Why should UUIDs not be exposed to users? Because of the their unwieldy look, or because of security concerns?

I ask because I have an app where previously I was accessing a particular data point via pk, and the user saw the pk in the url bar. But it could expose user/site data as any user could access that pk, or just guess at the next sequentially generated pk. I switched to uuid and now it's a little ugly in the url bar, but no data is exposed.

I meant the key handed off to the user for human interaction. As a user I would prefer order number 7356 than 7458e3a9-716b-4352-b2e4-b5b67d0c089b.

If there's no human interaction with the key, UUID is perfectly fine.

I've seen scenarios where UUIDs were used intentionally for this, to prevent users who get a full export of table data to reference the UUID. If it's just a sequence of small integers they might them to more permanent and intrinsically tied to the data, whereas UUIDs seem more like computing artifacts.

Yeah, I know, this could easily fixed by not friggin' showing surrogate keys to those users in the first place, but, well, data integration is ugly business.
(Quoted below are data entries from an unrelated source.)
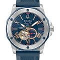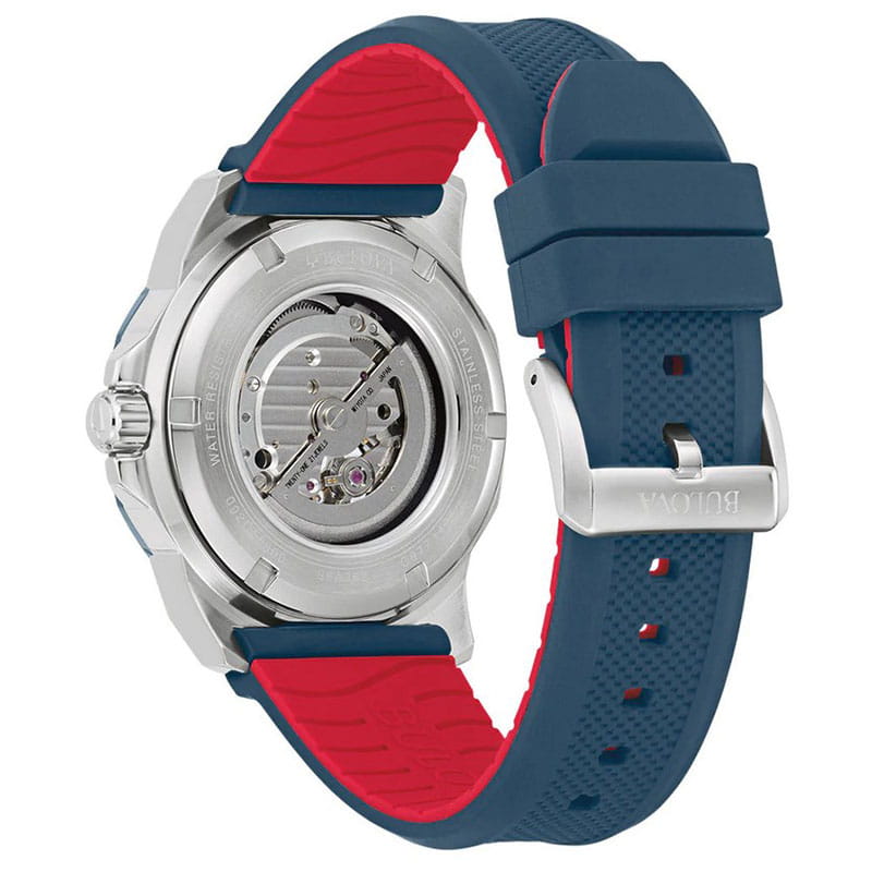 Мужские механические часы с автоподзаводом Bulova Marine Star 98A282 – отражающий идеальное сочетание современного дизайна, надёжности и функциональности. Элегантный облик станет превосходным завершением образа, наделив его индивидуальным характером. Корпус из нержавеющей стали с частичным IP-покрытиемIP-покрытиеМетод ионного напыления. Демонстрирует повышенную устойчивость к истиранию, окислению и химическим веществам. Под воздействием высокого давления и температуры около 1500°C молекулы металла надёжно соединяются с частицами корпуса часов., диаметром 45 мм идеально сбалансирован и элегантен. Защиту циферблата обеспечивает прочное минеральное стеклоМинеральное стеклоМинеральное стекло представляет собой искусственно выращенный минерал кварца. Такое стекло отличается особой устойчивостью к повреждениям и царапинам. Уступает по некоторым качествам сапфировому стеклу. гарантирующее четкость показаний. Центральные часовая и минутная стрелки, секундная стрелка вынесена на малый циферблат. Силиконовый ремешок со стандартной застежкой обеспечивает комфортное ношение.  Водозащита 200 метров позволит плавать, нырять и заниматься другими водными видами спорта. Стрелки с люминесцентным покрытиемЛюминесцентное покрытиеПозволяет считывать показания времени в темноте. Производители наносят на стрелки, часовые индексы, безель или поверхность циферблата светонакопительный состав, дающий холодное свечение. позволяющие легко определять время даже в темноте. Эта модель – отличный выбор для тех, кто ищет сочетание стиля, качества и функциональности. Часы станут не только полезным аксессуаром, но и выразительным элементом вашего имиджа.
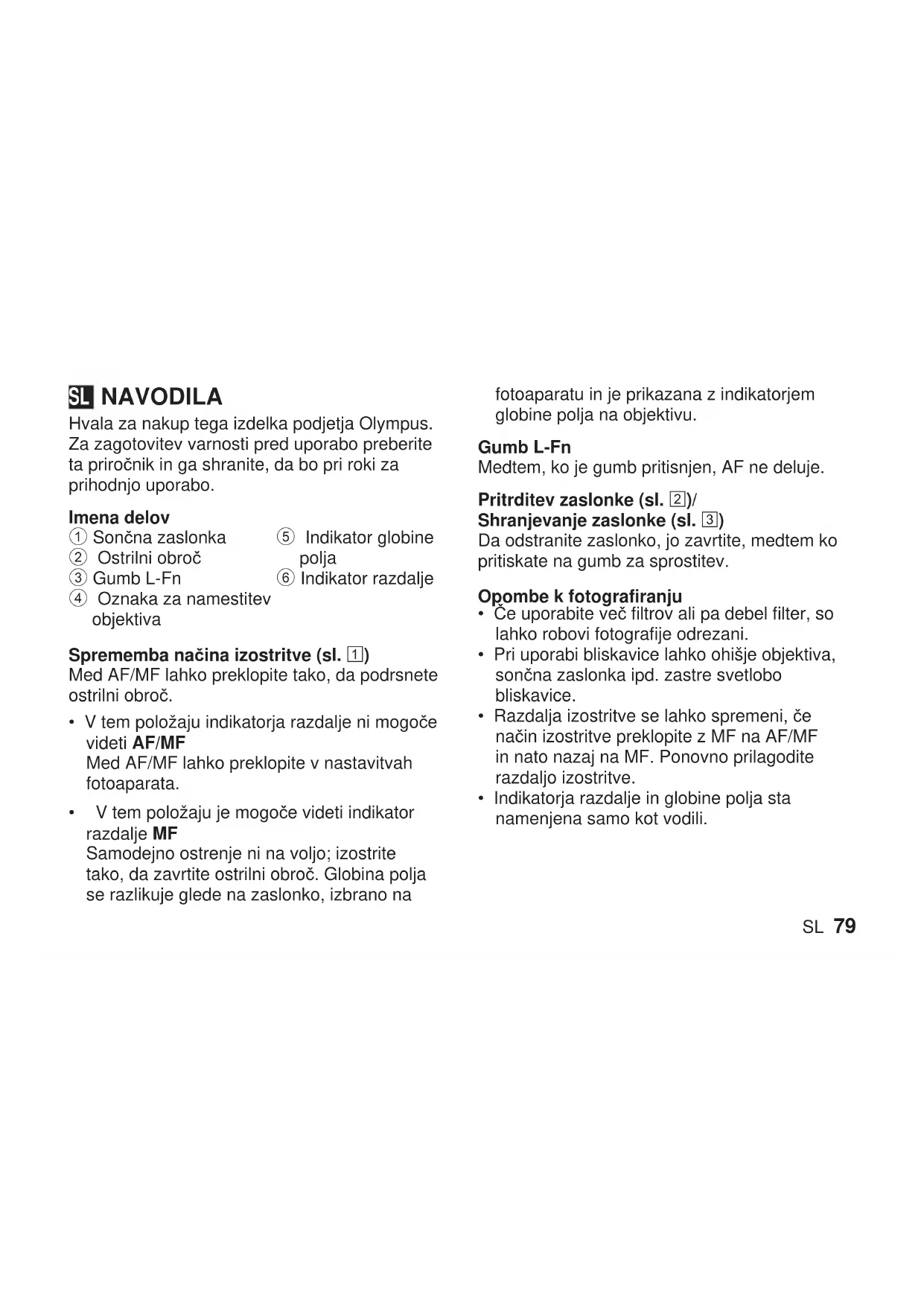 NAVODILA ZA UPORABO ED 25mm F1.2 PRO OLYMPUS
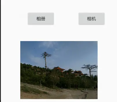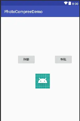 我们的界面也很简单,就是两个按钮,分别是拍照和相册选择,一个ImageView,用来显示压缩后的图片,如图:
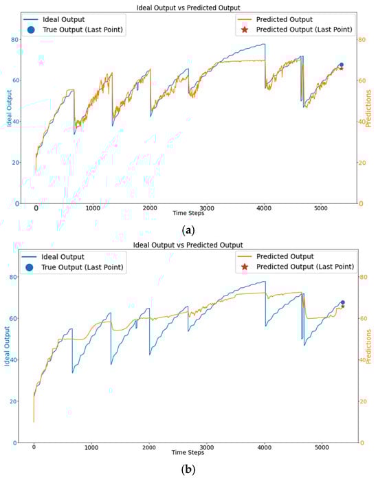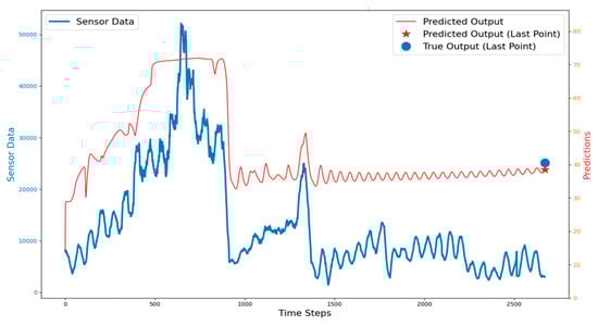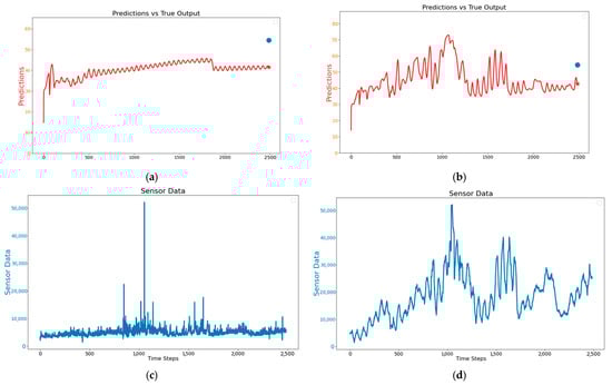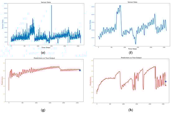 The output predictions, shown in Figure 14g,h, compare the results from using raw sensor data (without preprocessing) and sensor data with a 6-h moving average:
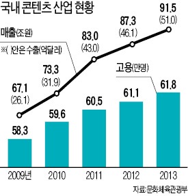 미래부와 문화체육관광부는 지난해부터 콘텐츠산업으로 창조경제를 견인해 국민소득 3만달러 시대를 실현한다는 비전 아래 다양한 정책을 실행 중이다. 2017년까지 콘텐츠산업의 시장 규모를 120조원으로 키우고, 100억달러 수출 달성과 69만명 고용 창출도 이룬다는 목표다.
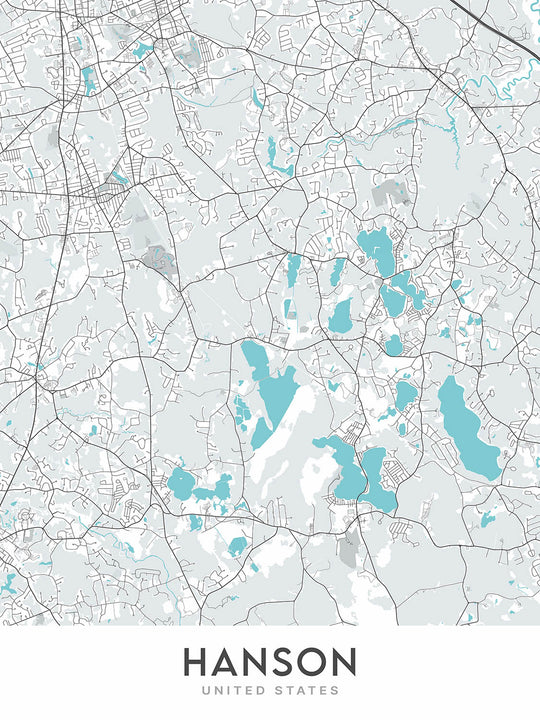 This map of Hanson, Massachusetts, is a modern, detailed street map without labels. It focuses on the city center and the surrounding areas, providing a comprehensive overview of the city's layout and geography. The map covers a significant portion of Hanson, including several neighborhoods, landmarks, and major roads.
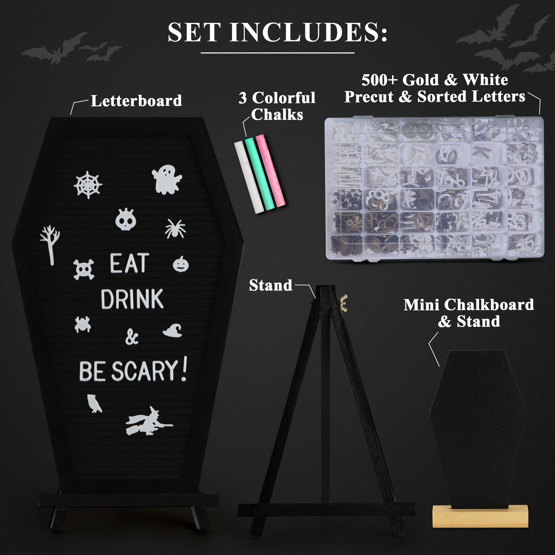- 2 In 1! Included with your coffin letterboard is a mini coffin chalk board you can use for goth decations or halloween horror decor!
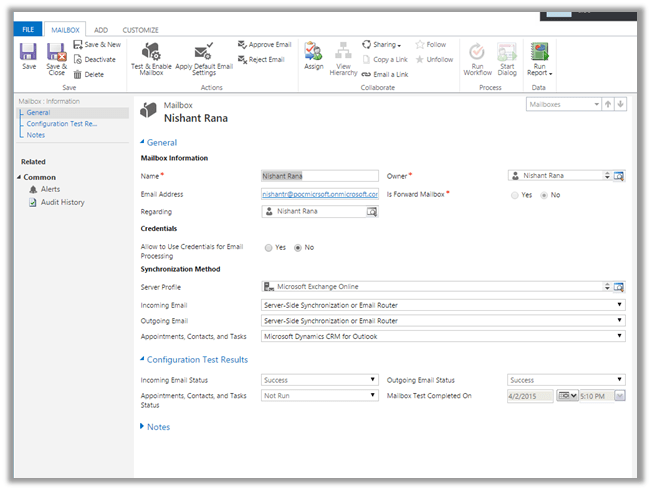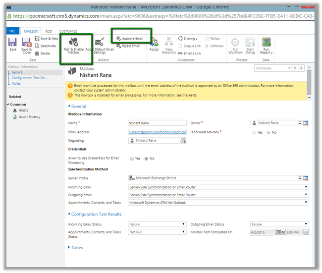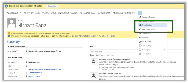 Open the system user record and click on Open Mailbox to open user’s mail box.
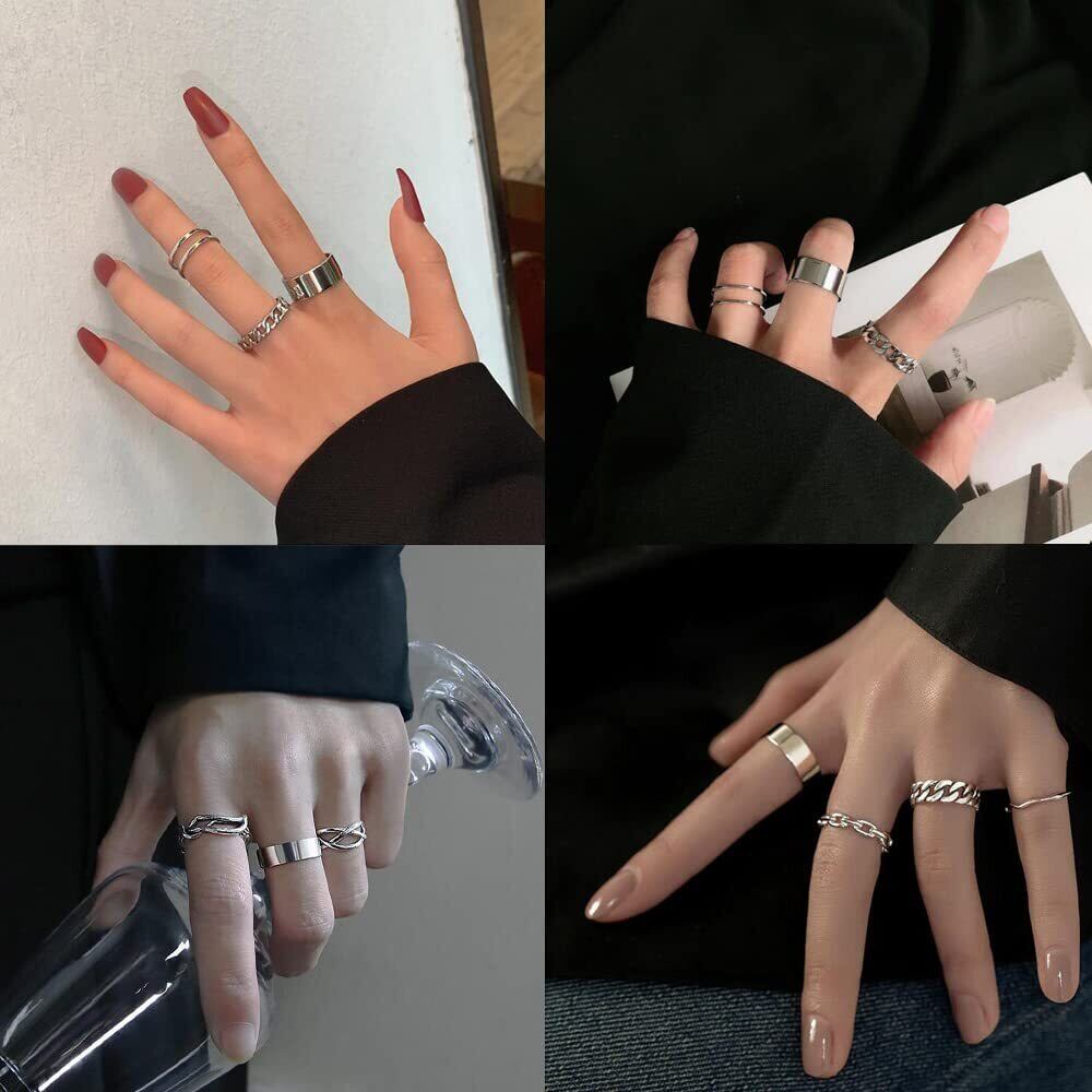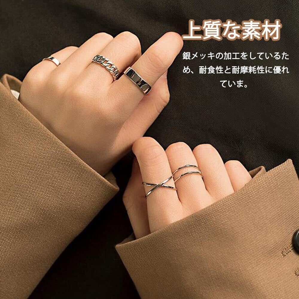 [] 指輪 6個入り リング アクセサリー ファッションリング メンズ レディース 人気 セット 調節可能 おしゃれ シンプル シルバー
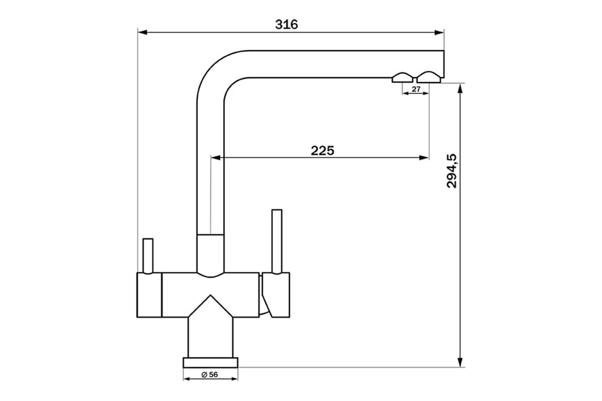 Смеситель произведен из высококачественной нержавеющей стали, безопасной для здоровья, и оснащен керамическим картриджем, рассчитанным на интенсивную эксплуатацию. Функциональным дополнением модели является возможность подключения фильтра для питьевой воды. Подача фильтрованной воды осуществляется через отдельную трубку и регулируется специальным керамическим переключателем.
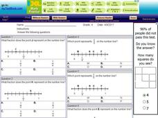 Work with a number line to develop a deeper level of understanding for your young mathematicians. The six multiple-choice questions ask learners to identify where a fraction falls on the number line.
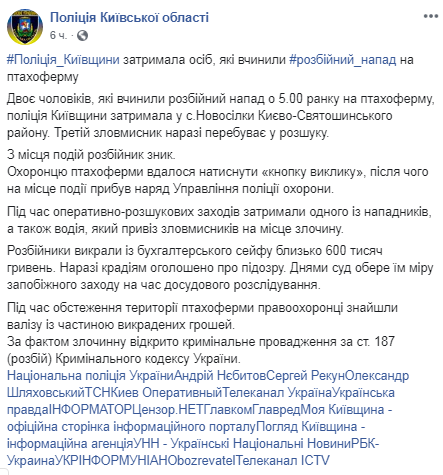 Разбойное нападение случилось в 05:00 утра. Охраннику птицефермы удалось нажать "кнопку вызова", после чего на место происшествия прибыл наряд Управления полиции охраны. Одного из нападавших, а также водителя, который привез злоумышленников на место преступления, полиция Киевской области задержала в селе Новоселки Киево-Святошинского района. Третий злоумышленник сейчас находится в розыске.
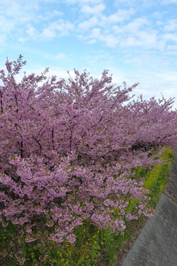 3月3日、ひな祭りの時、春を追いかけて東伊豆の河津に河津桜を見に行ってきました。 ちょうど満開の時、木によっては少し葉も出てきているくらいでお天気も曇と晴れで、昼の散策にはばっちりの天候でした。 伊豆は暖かいとはいえ、北風が冷たくって、ライトダウンジャケットで歩き回ってちょうど良い感じでした。 河津桜は染井吉野などに比べて色が濃く、ピンクの色が菜の花の黄色とマッチして、 とても華やか 駅を出てすぐのあたりです。 そのまま川辺を歩いて行くのですが、道の片側に桜があり、もう一方は露天商がた...
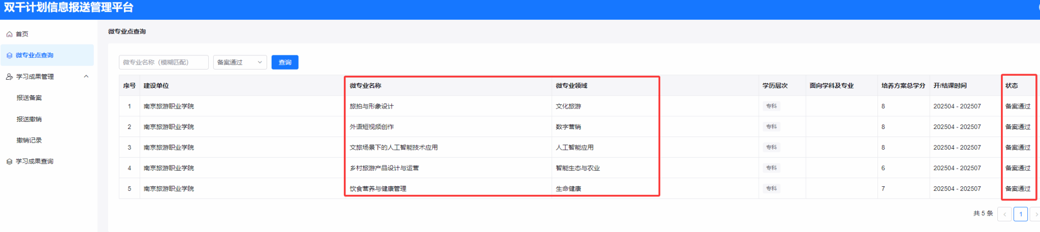 近日,教育部发布《关于上传首批入库“微专业”学生信息的通知》(教就业司函〔2025〕23号),我们申报的文旅场景下的人工智能技术应用、乡村旅游产品设计与运营、旅拍与形象设计、外语短视频创作、饮食营养与健康管理共5个微专业入选教育部“双千”计划首批入库名单并成功备案。
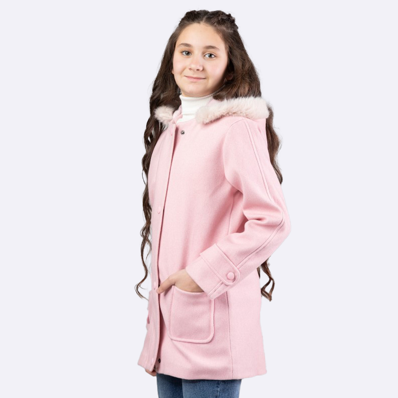 أضيفي لمسة من الأناقة إلى خزانة ملابس طفلتك مع هذا المعطف الوردي الجذاب. مصنوع من مزيج الصوف الناعم مع غطاء رأس من الفرو الصناعي، ليمنحها الدفء والراحة في الأيام الباردة.
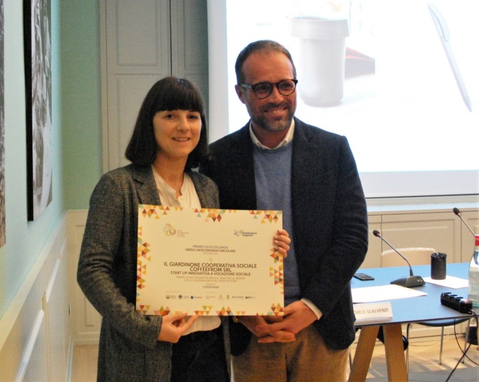 - Il premio Confcooperative Brescia, dedicato al mondo del terzo settore, è stato consegnato da Michele Pasinetti, vice presidente di Confcooperative Brescia, a Coffeefrom srl, start up innovativa a vocazione sociale nata dal progetto de Il Giardinone cooperativa sociale. A ritirare l’attestato Laura Gallo, founder, che in estrema sintesi ha spiegato come la start up trasforma i fondi di caffè – normalmente smaltiti in discarica – dell’industria alimentare italiana in nuovi materiali e prodotti di design.
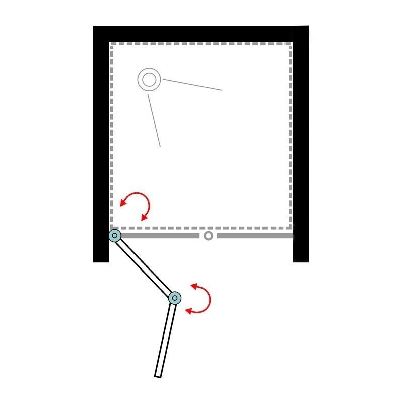 Durys varstomos 180° kampu tiek į išorę, tiek į vidų. Dvidalės suveriamos dušo durys su viduriniu sulenkimo profiliu. Suveriamos durys taupo vonios kambario erdvę. Kai dušo erdvė nenaudojama, durys gali būti suveriamos į nišos vidų.
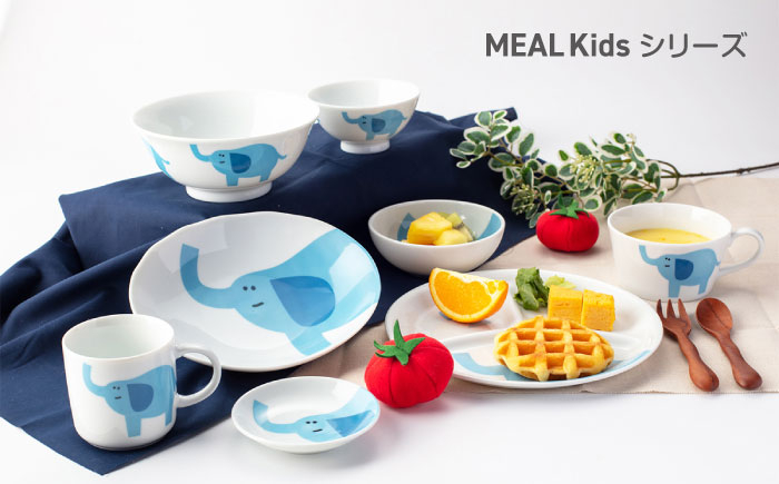 飲み物、おかず、カレーや麺類まで幅広く使える3点セットです。 【美濃焼】MEAL Kids ゾウ 麺鉢 カレー皿 マグカップセット【大東亜窯業】 [MAG059]
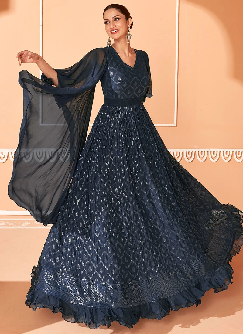 Envelop yourself in the ethereal allure of Blue Faux Georgette Sequins Dresses and Gowns where timeless elegance meets contemporary glamour. Crafted from luxurious faux georgette fabric these dresses and gowns redefine sophistication. The soft lightweight material drapes gracefully enhancing your silhouette and providing unparalleled comfort.

Gotcha, just wanted to make sure I wasn't missing something. Makes total sense, thanks!
> But it could expose user/site data as any user could access that pk, or just guess at the next sequentially generated pk.

Using a UUID instead of a sequentially rolling integer ID isn't solving your problem, you're just doing security through obscurity. The real solution is implementing real authentication & authorization - not making the key harder to guess.

> Using a UUID instead of a sequentially rolling integer ID isn't solving your problem, you're just doing security through obscurity.

A common sentiment, but not true if your id is cryptographically random. It amounts to capability security which is the right approach to security if used comprehensively.